企業が長年築き上げてきた信頼や評判、消費者からのイメージが一気に変わってしまうリスクがあり、しかもいったんイメージが悪くなってしまうとその後改善するのは簡単ではありません。
特に近年は、違反行為が明るみに出た瞬間からSNSを通じて情報が急速に拡散されてしまいますし、その情報が残り続けてしまいます。
消費者からのクレームが発生する
特定商取引法は消費者保護を主目的とした法律であり、これに違反するということは消費者との間でトラブルが起こっている、あるいは起こりそうな状況を意味しています。
そこで違反行為をきっかけに行政からの処分を受けるほか、消費者からのクレームが発生する危険性があります。そうするとその対応に従業員等の時間・労力を割かなくてはならず、本来の業務に支障が出てしまうかもしれません。
返金や損害賠償の負担が発生する
特定商取引法への違反がきっかけで、契約に際して交わした金銭の返金対応であったり、消費者に発生した損害への賠償義務が生じたりすることもあります。
多額の返金や賠償金が必要となればキャッシュフローがひっ迫し、経営に大きな悪影響を及ぼしかねません。
また、返金や損害賠償への対応に向けた法的手続きや交渉も必要となりますので、それに伴う時間やコストの負担も無視はできません。法的な争いが長引けばそれだけ企業の負担は大きくなり、その影響は多方面に広がっていくことでしょう。
そこで金銭的な負担を完全に避けることができないにしても、弁護士に相談・依頼するなどして、一早く問題を解決するよう努めてください。
取引先との関係が悪化する
特定商取引法への違反は、直接的には消費者からの信用問題に関わる問題ですが、その事実を知った取引先との関係性が悪化するリスクもはらんでいます。
違反行為が特に重大・悪質であった場合、「○○社と取引を交わすことで自社にも悪い影響が及ぶのではないか」と心配し、リスク回避のため取引を縮小または停止する可能性があるのです。
このような問題が起こると事業を継続するために必要な供給などが受けられなくなるなど、将来にわたり大きな損失を被ることになるでしょう。信用を失うと新たな取引先の開拓も難しくなり、安定した事業活動ができなくなってしまいます。
社内の士気が下がる
法令違反により企業の雲行きが怪しくなってくると、自社で従事している従業員のモチベーションも下がってしまいます。

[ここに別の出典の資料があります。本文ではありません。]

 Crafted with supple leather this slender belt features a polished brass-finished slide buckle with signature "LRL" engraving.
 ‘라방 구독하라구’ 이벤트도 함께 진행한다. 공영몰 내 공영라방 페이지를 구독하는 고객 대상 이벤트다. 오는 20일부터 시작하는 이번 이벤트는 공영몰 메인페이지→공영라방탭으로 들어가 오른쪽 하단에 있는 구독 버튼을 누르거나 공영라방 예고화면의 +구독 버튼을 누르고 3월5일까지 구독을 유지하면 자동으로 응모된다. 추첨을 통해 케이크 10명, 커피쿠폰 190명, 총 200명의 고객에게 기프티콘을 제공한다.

その結果、生産性が低下してしまうだけでなく離職者が増えてしまうかもしれません。優秀な人材を失うと、その影響を受け企業の競争力も下がってしまうでしょう。そこでこのような事態にまで発展しないよう、できるだけ早く対処することが大事です。自社だけで対応するのが難しい場合は法務・消費者トラブルに強い弁護士を頼ってください。